┌─ DATA IN THIS EXERCISE

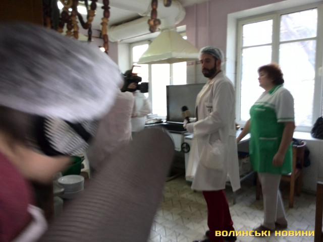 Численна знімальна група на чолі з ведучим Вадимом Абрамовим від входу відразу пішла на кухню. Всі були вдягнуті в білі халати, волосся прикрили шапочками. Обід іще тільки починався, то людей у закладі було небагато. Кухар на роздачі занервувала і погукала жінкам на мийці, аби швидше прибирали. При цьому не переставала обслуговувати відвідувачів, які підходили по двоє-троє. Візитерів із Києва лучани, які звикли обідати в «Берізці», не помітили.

└─
┌─ DATA IN THIS EXERCISE

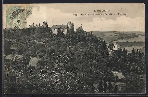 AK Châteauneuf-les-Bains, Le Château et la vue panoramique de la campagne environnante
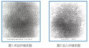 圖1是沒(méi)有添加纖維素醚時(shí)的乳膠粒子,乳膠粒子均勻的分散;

└─

| EXERCISE INSTRUCTIONS |
Your copy should hold the lines from the one with "AK Châteauneuf-les-Bains, Le" up to and including the one with "圖1是沒(méi)有添加纖維素醚時(shí)的乳膠粒子,乳膠粒子均勻的分散;", exactly as in the data above, and no pictures.

| OUTPUT BELOW |
 AK Châteauneuf-les-Bains, Le Château et la vue panoramique de la campagne environnante
 圖1是沒(méi)有添加纖維素醚時(shí)的乳膠粒子,乳膠粒子均勻的分散;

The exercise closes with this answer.